今回はそのような動きと彼らの発言を踏まえつつ、自分なりに考察してみたことなどを述べる回となります。
トレンドに逆行したFA補強とエクステンション
オフに大量のFA選手を補強したカブスですが、その大半が1~2年契約となっており、5年以上の長期契約を結んだのはDansby Swansonのみという結果になりました。
しかもそのSwansonですら同じショートでFAイヤーを迎えたCarlos CorreaやTrea Turner、Xander BogaertsよりもAAVが若干見劣りするというコントラクトです。もちろんこの4人の中ではSwansonが最も安い契約に落ち着く予想であったことを考慮しなくてはなりませんが…。
2022シーズンオフの特徴として、契約年数を長くしてAAVを抑える(一種のぜいたく税対策)という契約、またはエクステンションが乱発されたことを挙げるMLBファンも多いでしょう。先に挙げたショートの市場はその最たる例で、TurnerやBogaertsは40歳を超える年齢までの雇用となっており、実質終身契約と言っても過言ではありません。また6年契約に落ち付いたCorreaでさえも、フィジカルの問題をクリアしていれば少なくとも10~13年程度の契約を手に入れていたわけなので、このオフのトレンドは終身契約型のぜいたく税対策といっていいでしょう。
しかし今オフ最多の10選手をFAで獲得したカブスは、ハイクオリティの選手を破格の契約で迎え入れるのではなく、短期的な契約+高AAVでバウンスバック狙いの選手(EX:Cody Bellinger、Trey Mancini、Eric Hosmerなど)ばかりをかき集める手段に打って出ました。

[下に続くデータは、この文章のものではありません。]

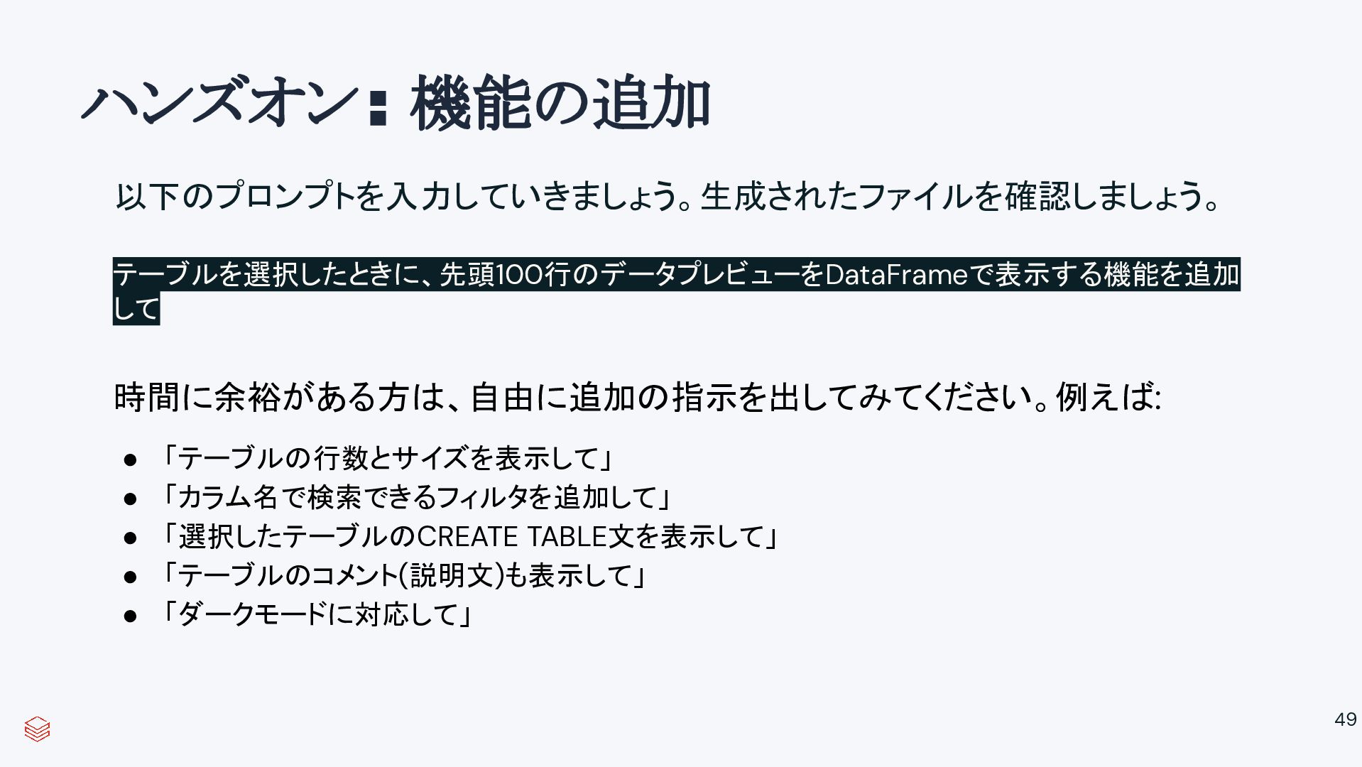 ハンズオン : 機能の追加 49 以下のプロンプトを入力していきましょう。生成されたファイルを確認しましょう。 テーブルを選択したときに、先頭100行のデータプレビューをDataFrameで表示する機能を追加 して 時間に余裕がある方は、自由に追加の指示を出してみてください。例えば: • 「テーブルの行数とサイズを表示して」

さらにこの間エクステンションしたHoernerのAAVは$11.6MMと、FAを1年だけ買い取っただけの小規模な契約でありながら、ハイフロアタイプのアベレージヒッターに対して割と高めな契約で囲み、Happに至っては3年$61MMとAVVが$20MMを超えてくる大盤振る舞いぶり。もちろんそれに伴って2024年以降のペイロールは増加していくのでチーム運営的にもロースターロックが起こりやすい状況を作り出しているともいえます。
ここ数年の球場周辺の再開発やCovid-19による収益の大幅減などで世界一に導いてくれたコアプレイヤーとのエクステンションに失敗して流出させたフロントが、なぜここへきてフランチャイズプレーヤーの囲い込みや積極的な補強に乗り出し始めたのでしょうか。
そのひとつの理由として、次の章で挙げられる事象が関係しているのではないかと考えています。それは、
Hoyerの見据える先は2026年?
ということです。
現在複数年の契約を結んでいるのは、3年のエクステンションに応じたHoernerとHappに加え、2022年からの5年契約を結んでいる鈴木誠也。2023年から7年契約を結んでいるSwanson。同年から4年契約を結んでいるJameson Taillonの5名で、その他相互オプションやオプトアウト、クラブオプションを保有する選手が複数名います。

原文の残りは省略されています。